__To do__. Please output every record below exactly as written, leaving out any pictures.

---------- The records ----------

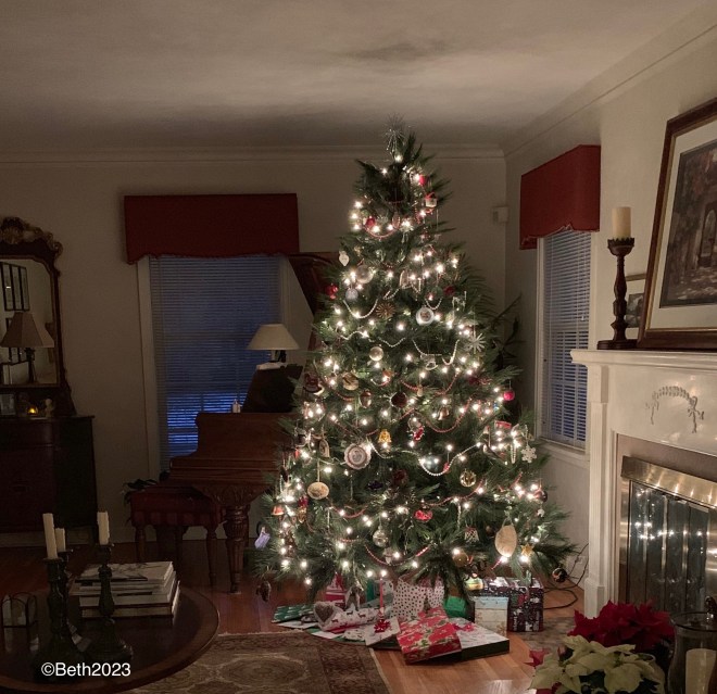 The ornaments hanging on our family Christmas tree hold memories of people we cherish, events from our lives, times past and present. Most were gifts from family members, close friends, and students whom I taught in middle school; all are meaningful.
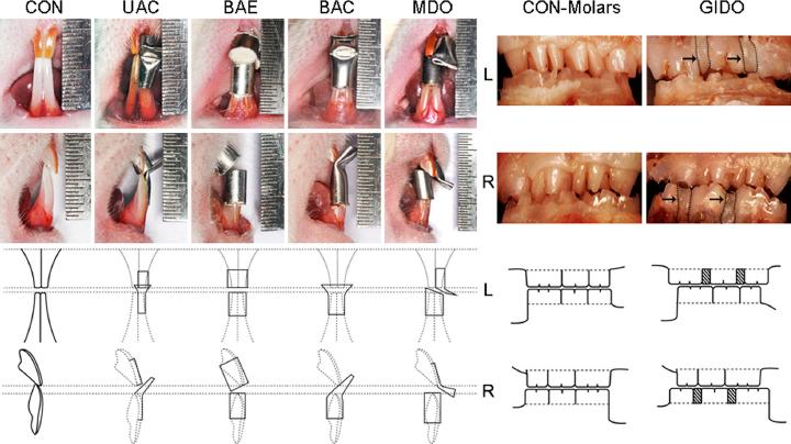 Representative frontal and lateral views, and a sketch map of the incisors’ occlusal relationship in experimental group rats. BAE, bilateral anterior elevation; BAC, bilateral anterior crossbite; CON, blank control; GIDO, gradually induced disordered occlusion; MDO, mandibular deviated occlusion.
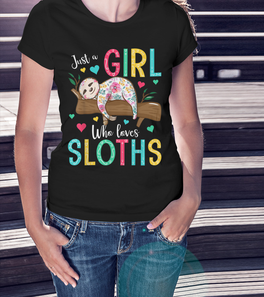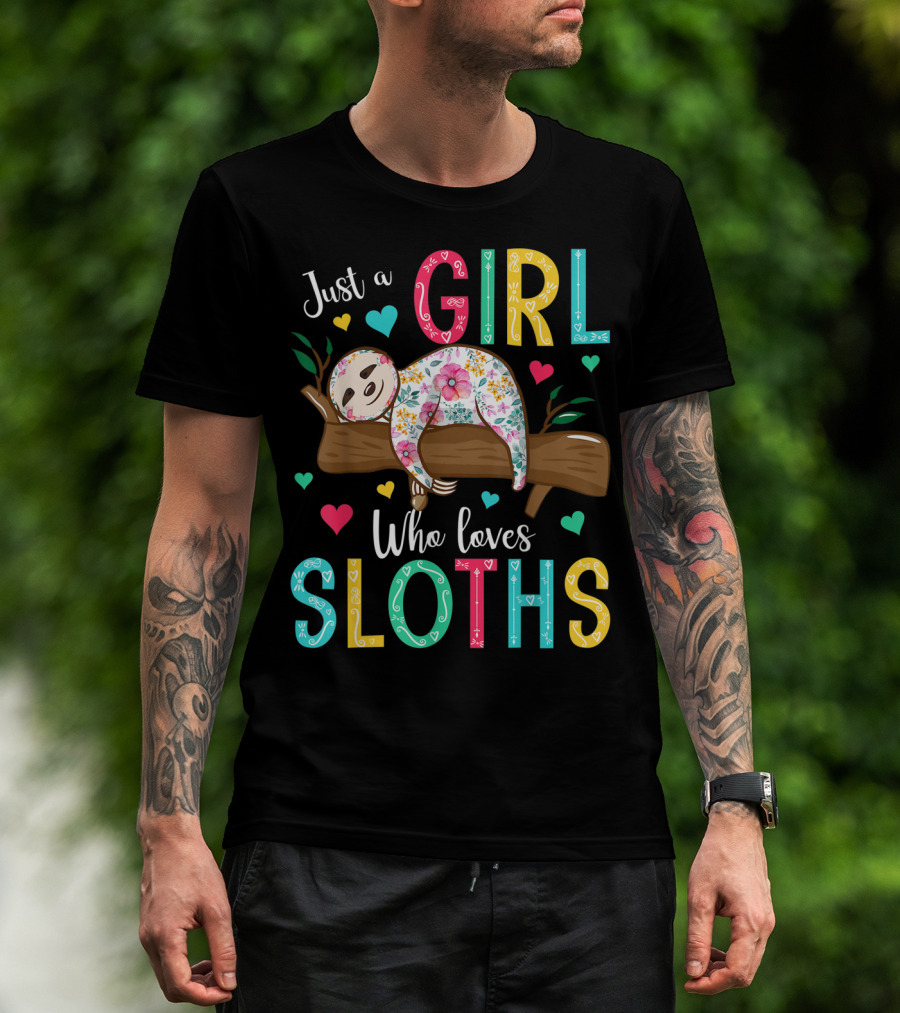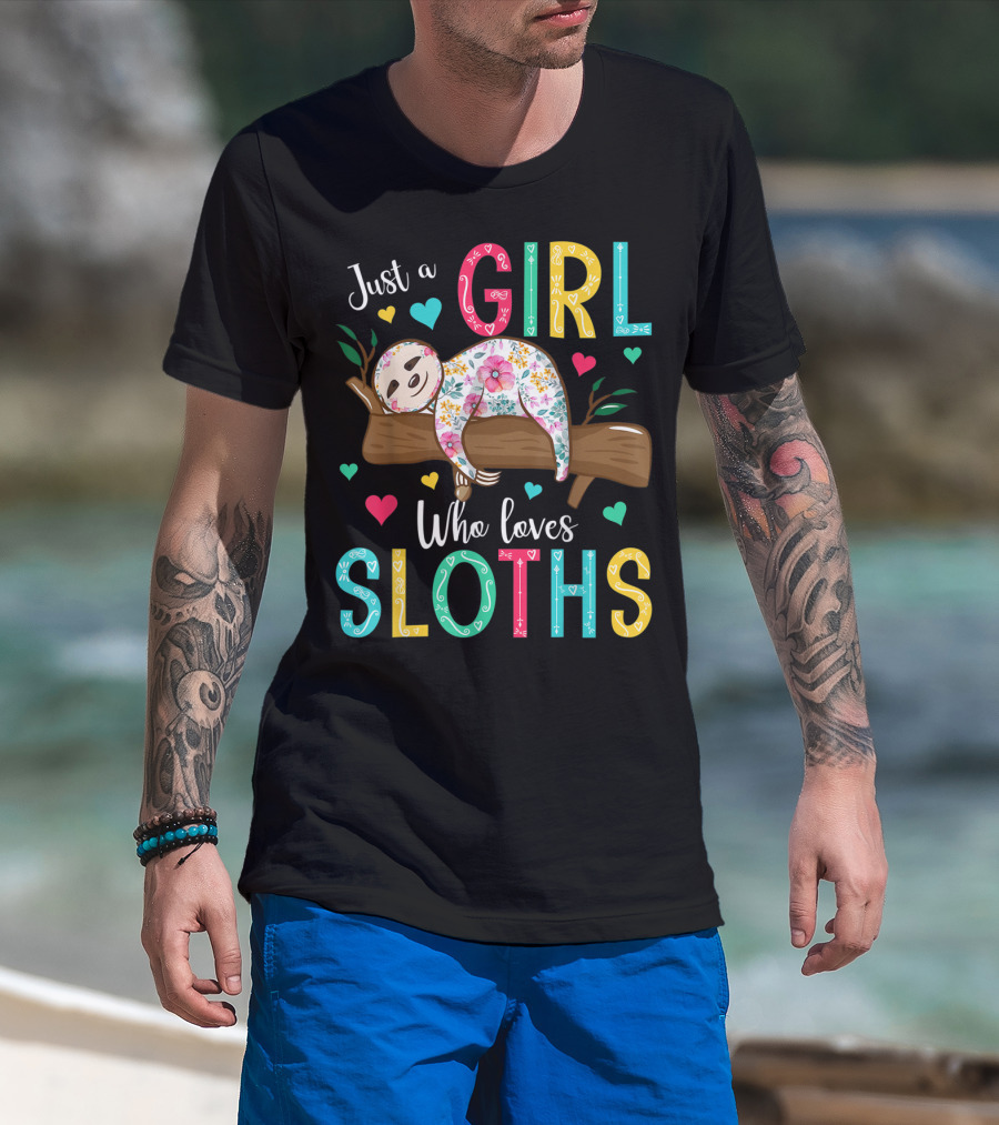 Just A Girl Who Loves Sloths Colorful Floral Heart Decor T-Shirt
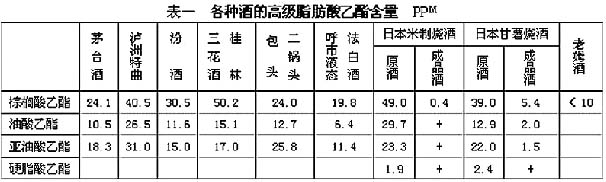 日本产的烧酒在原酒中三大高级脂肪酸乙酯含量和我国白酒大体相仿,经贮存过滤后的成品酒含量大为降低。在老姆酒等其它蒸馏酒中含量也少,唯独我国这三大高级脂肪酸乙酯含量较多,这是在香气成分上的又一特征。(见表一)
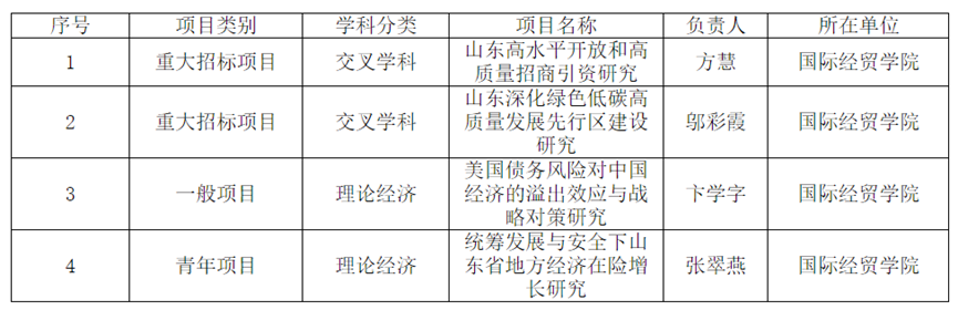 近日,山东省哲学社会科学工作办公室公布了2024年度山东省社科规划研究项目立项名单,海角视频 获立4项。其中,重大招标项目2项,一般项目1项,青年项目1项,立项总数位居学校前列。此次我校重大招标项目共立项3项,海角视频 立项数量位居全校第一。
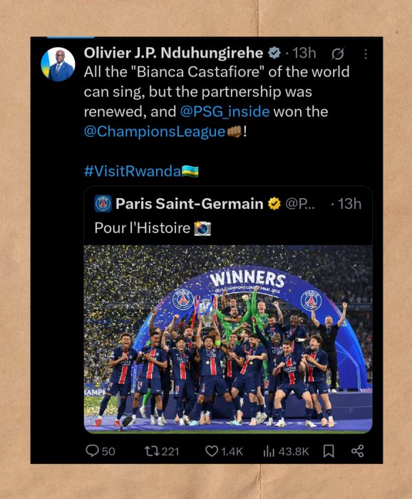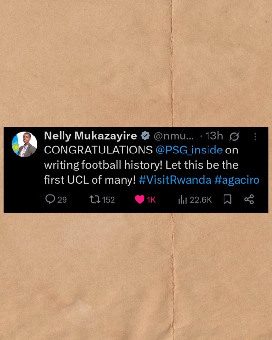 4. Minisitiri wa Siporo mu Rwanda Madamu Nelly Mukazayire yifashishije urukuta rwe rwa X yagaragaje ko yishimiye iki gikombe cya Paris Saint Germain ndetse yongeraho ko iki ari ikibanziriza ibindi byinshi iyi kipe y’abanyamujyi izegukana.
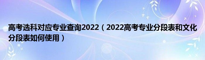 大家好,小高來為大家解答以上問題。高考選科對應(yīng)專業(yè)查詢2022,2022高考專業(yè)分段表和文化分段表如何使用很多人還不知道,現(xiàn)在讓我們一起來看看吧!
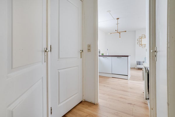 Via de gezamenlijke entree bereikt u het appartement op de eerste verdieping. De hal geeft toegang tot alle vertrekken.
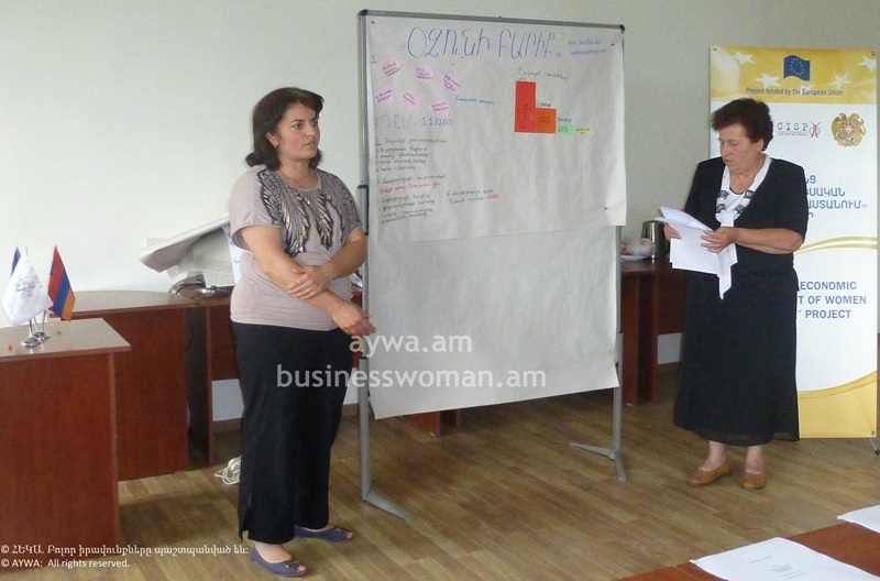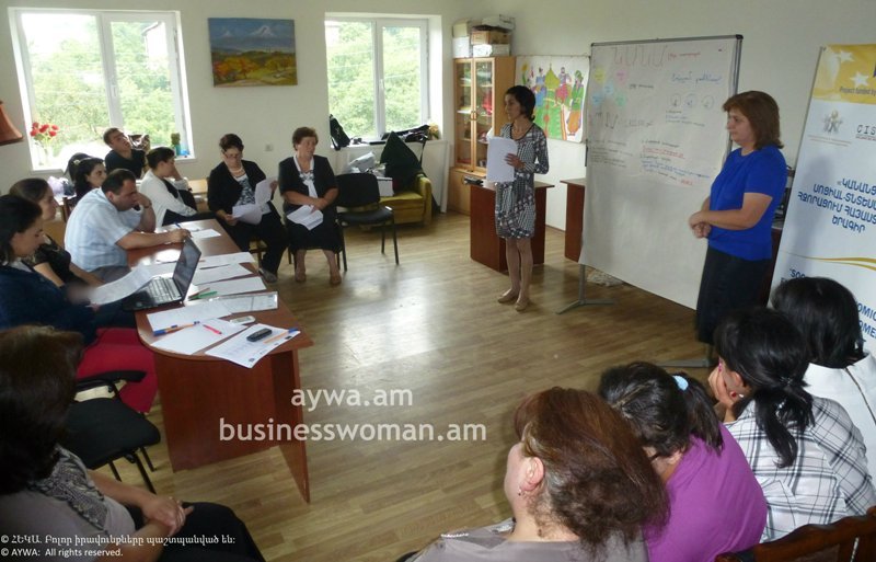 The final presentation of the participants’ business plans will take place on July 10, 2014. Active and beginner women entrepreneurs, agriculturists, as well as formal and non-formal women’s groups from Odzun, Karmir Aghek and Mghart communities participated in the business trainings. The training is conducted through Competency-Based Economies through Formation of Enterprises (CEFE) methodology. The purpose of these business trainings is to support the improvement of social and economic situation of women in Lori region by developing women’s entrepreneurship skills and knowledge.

----------

__Solution for this task__.
 The ornaments hanging on our family Christmas tree hold memories of people we cherish, events from our lives, times past and present. Most were gifts from family members, close friends, and students whom I taught in middle school; all are meaningful.
 Representative frontal and lateral views, and a sketch map of the incisors’ occlusal relationship in experimental group rats. BAE, bilateral anterior elevation; BAC, bilateral anterior crossbite; CON, blank control; GIDO, gradually induced disordered occlusion; MDO, mandibular deviated occlusion.
 Just A Girl Who Loves Sloths Colorful Floral Heart Decor T-Shirt
 日本产的烧酒在原酒中三大高级脂肪酸乙酯含量和我国白酒大体相仿,经贮存过滤后的成品酒含量大为降低。在老姆酒等其它蒸馏酒中含量也少,唯独我国这三大高级脂肪酸乙酯含量较多,这是在香气成分上的又一特征。(见表一)
 近日,山东省哲学社会科学工作办公室公布了2024年度山东省社科规划研究项目立项名单,海角视频 获立4项。其中,重大招标项目2项,一般项目1项,青年项目1项,立项总数位居学校前列。此次我校重大招标项目共立项3项,海角视频 立项数量位居全校第一。
 4. Minisitiri wa Siporo mu Rwanda Madamu Nelly Mukazayire yifashishije urukuta rwe rwa X yagaragaje ko yishimiye iki gikombe cya Paris Saint Germain ndetse yongeraho ko iki ari ikibanziriza ibindi byinshi iyi kipe y’abanyamujyi izegukana.
 大家好,小高來為大家解答以上問題。高考選科對應(yīng)專業(yè)查詢2022,2022高考專業(yè)分段表和文化分段表如何使用很多人還不知道,現(xiàn)在讓我們一起來看看吧!
 Via de gezamenlijke entree bereikt u het appartement op de eerste verdieping. De hal geeft toegang tot alle vertrekken.
 The final presentation of the participants’ business plans will take place on July 10, 2014. Active and beginner women entrepreneurs, agriculturists, as well as formal and non-formal women’s groups from Odzun, Karmir Aghek and Mghart communities participated in the business trainings. The training is conducted through Competency-Based Economies through Formation of Enterprises (CEFE) methodology. The purpose of these business trainings is to support the improvement of social and economic situation of women in Lori region by developing women’s entrepreneurship skills and knowledge.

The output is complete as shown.